Petzl MYO XP

Dyskusje na temat wyposażenia.

Petzl MYO XP

Postprzez krissnt » 18 Sie 2011, 17:48

Sprawiłem sobie coś nowego, to muszę tradycyjnie napisać :P

Image

Na początek dane techniczne:
PETZL MYO XP
Moc 85 lumenów (150 w trybie BOOST)
Zasięg około 70m (ponad 90 - BOOST)
Waga 175g z bateriami
Zasilanie 3xAA
Czas świecenia 80-180h w zależności od warunków i mocy

Latarka to jeden z czołowych (dosłownie i w przenośni :D ) modeli latarek francuskiej firmy Petzl produkującej sprzęt wspinaczkowy i turystyczny.

Latarka ma służyć długo bez względu na warunki, a podobno tym wyróżniają się modele tego producenta.
Jest to model ze średniej/wyższej półki zapewniający złoty środek między mocą światła, długością świecenia, wytrzymałością i ceną.

Są oczywiście modele dające i 450lm oraz zasięg światła ponad 200m jednak w ich przypadku minusami jest z pewnością cena, jak i czas świecenia (3h to trochę mało na patrol po ciemku).

Image

Latarka jest mocowana na dwóch gumkach zapewniających stabilność (bez cieńszej przez środek głowy mogłaby spadać przy biegu np. - takie mam odczucie) i sporych możliwościach regulacji: da się ją nosić na kapeluszu, aczkolwiek nie jestem pewien jak współgra z hełmem.

Baterie zamocowane są w pudełku z tyłu głowy - przyjemnie rozkłada to wagę całości oraz umożliwia zastosowanie większej ilości baterii niż w przypadku umieszczenia ich pod diodą z przodu. Do diody prowadzi estetycznie wyglądający kabel zamocowany do gumki ruchomym zaczepem.

Image

Sama głowica jest ruchoma w pionie i daje spore możliwości odchylania. Dodatkowo po dopchnięciu jej maksymalnie do zaczepu, chowa się trochę pod osłonkę i stanowi to jednocześnie zabezpieczenie przycisków przez przypadkowym naciśnięciem.

Image

Na górze znajdują się 2 przyciski i wskaźnik baterii. Dioda sygnalizuje stopień naładowania baterii (można używać akumulatorów nimh): zielone >50%, żółte 20-50%, czerwone <20%.

Przyciski są na tyle duże, że można je intuicyjnie wyczuć i wciskają się również z należytym oporem.

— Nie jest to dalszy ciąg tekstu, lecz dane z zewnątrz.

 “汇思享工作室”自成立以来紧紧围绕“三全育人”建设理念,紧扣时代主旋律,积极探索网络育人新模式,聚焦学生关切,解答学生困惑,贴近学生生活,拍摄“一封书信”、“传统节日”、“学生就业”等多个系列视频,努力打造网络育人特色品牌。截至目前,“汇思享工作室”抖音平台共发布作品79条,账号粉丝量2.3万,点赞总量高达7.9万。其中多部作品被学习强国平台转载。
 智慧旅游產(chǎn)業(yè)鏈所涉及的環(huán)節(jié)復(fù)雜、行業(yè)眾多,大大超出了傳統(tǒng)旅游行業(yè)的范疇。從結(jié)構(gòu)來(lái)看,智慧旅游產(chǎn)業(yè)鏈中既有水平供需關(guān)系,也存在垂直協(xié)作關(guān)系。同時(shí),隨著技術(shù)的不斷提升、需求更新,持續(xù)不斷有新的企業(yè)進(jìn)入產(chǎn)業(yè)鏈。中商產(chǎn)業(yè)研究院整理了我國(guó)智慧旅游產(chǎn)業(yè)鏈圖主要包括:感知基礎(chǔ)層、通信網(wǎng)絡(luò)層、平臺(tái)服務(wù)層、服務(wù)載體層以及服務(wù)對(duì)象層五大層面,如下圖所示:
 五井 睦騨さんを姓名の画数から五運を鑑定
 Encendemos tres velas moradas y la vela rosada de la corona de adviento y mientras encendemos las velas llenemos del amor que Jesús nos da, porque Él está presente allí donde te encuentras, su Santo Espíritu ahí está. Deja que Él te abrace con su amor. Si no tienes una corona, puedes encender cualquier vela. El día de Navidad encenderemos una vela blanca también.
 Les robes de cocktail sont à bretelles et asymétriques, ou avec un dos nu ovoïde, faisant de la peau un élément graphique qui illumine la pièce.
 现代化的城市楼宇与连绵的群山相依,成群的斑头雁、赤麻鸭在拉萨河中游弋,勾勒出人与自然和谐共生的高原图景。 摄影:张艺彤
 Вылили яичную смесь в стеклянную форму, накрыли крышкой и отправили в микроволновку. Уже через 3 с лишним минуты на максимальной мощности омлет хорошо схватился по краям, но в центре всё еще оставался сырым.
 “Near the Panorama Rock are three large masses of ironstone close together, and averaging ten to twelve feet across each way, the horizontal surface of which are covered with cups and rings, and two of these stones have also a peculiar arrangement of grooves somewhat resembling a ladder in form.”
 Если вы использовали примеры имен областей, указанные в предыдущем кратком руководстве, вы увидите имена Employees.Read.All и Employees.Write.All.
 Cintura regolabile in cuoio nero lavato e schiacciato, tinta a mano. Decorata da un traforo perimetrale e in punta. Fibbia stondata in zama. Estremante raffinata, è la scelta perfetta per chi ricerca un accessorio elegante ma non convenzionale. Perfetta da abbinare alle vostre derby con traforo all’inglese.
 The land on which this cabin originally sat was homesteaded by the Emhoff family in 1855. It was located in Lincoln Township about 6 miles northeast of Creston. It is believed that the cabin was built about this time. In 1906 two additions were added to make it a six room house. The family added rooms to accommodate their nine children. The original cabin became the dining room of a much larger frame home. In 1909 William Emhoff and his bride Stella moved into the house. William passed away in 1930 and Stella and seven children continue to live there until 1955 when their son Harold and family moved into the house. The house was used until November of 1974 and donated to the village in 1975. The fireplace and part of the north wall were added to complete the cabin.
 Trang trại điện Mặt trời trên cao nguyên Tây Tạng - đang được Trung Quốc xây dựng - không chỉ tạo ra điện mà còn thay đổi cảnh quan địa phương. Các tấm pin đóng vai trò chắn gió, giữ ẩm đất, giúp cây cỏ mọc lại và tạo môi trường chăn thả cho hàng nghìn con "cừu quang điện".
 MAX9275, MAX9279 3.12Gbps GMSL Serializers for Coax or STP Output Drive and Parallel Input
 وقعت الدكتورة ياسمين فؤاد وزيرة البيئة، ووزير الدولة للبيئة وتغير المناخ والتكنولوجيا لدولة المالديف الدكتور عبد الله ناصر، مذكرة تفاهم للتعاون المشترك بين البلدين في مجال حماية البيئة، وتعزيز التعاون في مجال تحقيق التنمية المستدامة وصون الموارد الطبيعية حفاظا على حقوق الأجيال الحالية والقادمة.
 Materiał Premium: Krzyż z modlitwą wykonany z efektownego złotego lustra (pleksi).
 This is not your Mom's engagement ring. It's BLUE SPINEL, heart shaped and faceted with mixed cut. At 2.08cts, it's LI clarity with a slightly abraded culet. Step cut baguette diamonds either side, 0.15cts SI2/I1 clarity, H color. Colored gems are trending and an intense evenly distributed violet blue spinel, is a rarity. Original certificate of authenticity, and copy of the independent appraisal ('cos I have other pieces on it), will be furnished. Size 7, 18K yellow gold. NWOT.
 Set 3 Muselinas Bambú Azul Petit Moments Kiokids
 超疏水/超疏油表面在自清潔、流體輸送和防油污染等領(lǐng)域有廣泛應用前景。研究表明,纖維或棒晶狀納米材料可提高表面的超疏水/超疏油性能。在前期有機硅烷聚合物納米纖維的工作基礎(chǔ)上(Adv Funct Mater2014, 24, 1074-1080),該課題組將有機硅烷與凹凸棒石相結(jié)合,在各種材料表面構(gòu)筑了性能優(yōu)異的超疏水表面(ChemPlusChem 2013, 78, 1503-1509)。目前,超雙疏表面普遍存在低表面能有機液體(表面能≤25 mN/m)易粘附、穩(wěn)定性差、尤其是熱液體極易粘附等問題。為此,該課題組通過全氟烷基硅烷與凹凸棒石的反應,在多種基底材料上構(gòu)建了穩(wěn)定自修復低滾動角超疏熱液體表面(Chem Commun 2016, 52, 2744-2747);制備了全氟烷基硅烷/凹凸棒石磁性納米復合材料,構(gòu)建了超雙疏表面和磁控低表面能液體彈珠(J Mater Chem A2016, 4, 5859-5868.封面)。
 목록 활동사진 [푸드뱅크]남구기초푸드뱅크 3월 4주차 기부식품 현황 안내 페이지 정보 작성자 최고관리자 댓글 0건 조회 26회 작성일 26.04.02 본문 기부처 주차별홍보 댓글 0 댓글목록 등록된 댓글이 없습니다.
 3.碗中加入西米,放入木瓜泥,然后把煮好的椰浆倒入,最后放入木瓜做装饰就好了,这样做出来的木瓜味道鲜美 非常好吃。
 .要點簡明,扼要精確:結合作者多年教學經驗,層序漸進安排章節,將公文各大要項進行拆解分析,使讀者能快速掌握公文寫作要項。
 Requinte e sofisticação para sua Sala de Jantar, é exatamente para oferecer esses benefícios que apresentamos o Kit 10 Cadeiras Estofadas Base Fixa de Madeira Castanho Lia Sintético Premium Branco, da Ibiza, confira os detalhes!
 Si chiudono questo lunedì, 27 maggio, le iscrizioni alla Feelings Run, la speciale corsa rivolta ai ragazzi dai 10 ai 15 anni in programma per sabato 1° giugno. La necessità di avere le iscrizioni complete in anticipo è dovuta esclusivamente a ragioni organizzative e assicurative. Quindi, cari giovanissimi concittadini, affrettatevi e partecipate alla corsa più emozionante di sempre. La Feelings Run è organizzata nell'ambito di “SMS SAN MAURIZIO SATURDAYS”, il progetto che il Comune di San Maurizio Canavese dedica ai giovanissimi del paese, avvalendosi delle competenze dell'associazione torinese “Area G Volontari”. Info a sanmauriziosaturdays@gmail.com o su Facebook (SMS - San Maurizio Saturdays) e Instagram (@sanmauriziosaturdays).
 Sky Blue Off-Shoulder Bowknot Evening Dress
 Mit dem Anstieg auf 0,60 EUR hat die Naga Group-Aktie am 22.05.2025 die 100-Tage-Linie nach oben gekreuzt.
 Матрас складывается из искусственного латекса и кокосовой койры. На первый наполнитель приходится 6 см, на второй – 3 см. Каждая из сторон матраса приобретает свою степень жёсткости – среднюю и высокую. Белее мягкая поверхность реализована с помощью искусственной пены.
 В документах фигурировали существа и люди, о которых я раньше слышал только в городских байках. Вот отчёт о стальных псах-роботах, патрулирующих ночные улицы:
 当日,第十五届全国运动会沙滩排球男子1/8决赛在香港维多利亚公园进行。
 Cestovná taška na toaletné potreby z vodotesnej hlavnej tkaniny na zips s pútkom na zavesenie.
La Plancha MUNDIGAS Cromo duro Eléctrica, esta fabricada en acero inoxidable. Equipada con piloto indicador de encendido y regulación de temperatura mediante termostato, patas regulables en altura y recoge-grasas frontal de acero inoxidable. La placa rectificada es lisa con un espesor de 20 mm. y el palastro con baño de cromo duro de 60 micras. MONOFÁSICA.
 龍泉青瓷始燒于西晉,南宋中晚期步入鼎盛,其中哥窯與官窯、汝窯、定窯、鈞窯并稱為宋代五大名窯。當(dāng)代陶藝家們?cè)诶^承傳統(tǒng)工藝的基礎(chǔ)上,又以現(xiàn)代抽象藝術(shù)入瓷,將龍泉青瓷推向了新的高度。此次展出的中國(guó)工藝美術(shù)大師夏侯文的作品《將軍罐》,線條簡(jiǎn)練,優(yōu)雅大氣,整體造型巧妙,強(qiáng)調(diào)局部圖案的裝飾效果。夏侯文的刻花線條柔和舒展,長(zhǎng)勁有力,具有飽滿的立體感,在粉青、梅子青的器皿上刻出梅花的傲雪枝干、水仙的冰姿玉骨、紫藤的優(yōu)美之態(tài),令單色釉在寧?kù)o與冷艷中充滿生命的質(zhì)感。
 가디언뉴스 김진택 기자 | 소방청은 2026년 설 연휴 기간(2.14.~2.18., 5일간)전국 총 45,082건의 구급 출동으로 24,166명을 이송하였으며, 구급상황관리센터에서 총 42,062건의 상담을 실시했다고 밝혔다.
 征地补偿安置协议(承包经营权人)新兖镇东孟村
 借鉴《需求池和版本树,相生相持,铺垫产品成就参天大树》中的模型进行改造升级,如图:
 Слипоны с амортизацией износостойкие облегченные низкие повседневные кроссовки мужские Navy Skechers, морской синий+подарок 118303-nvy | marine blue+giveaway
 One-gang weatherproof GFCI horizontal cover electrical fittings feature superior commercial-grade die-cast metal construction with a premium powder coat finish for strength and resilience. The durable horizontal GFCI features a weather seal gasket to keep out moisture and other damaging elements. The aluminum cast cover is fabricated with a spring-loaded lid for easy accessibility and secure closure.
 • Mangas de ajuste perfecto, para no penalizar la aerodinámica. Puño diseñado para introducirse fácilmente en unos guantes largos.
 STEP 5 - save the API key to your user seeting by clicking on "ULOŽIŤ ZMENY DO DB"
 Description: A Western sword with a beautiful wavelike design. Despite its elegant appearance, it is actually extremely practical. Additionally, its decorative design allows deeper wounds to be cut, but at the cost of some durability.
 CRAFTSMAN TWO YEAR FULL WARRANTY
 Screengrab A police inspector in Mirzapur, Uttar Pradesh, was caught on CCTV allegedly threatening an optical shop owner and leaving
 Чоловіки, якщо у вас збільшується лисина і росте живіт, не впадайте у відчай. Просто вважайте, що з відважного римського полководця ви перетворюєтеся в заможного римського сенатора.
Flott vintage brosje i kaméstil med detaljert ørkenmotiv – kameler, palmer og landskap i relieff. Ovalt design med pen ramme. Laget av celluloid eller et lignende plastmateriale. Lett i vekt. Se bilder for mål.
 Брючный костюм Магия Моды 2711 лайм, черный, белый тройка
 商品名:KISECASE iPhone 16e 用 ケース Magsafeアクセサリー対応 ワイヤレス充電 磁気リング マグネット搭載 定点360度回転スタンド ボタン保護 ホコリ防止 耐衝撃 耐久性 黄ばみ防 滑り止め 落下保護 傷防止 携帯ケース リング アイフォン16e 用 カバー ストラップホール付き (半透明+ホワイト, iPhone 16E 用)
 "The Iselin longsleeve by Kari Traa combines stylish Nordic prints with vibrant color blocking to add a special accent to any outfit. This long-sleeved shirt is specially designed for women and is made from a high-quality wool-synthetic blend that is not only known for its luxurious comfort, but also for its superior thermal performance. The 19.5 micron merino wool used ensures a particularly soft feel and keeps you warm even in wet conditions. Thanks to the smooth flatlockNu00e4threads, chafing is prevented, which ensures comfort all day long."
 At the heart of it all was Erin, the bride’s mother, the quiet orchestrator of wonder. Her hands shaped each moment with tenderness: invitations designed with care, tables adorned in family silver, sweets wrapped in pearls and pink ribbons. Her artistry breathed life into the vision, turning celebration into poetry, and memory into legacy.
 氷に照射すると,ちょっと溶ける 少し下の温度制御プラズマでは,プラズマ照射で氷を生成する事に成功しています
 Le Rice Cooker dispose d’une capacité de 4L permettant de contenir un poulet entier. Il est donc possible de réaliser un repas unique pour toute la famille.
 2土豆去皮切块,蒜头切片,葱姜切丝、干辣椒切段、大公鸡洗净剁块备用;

Pierwszy z nich odpowiada za włączanie lampy. W zależności od tego ile razy zostanie wciśnięty (w ostępach krótszych niż sekunda) zapewnia 4 tryby świecenia: max, optimum, ekonomiczny, miganie. Na potrzeby podręcznych prac z pewnością wystarczy tryb ekonomiczny dający ponad 180 godzin ciągłego świecenia na zestawie baterii.

Drugi z przycisków (mniejszy i z boku) to tryb BOOST, w którym latarka prawie podwaja siłę świecenia. Jest to wyraźnie zauważalne i potrafi już nieźle oślepić.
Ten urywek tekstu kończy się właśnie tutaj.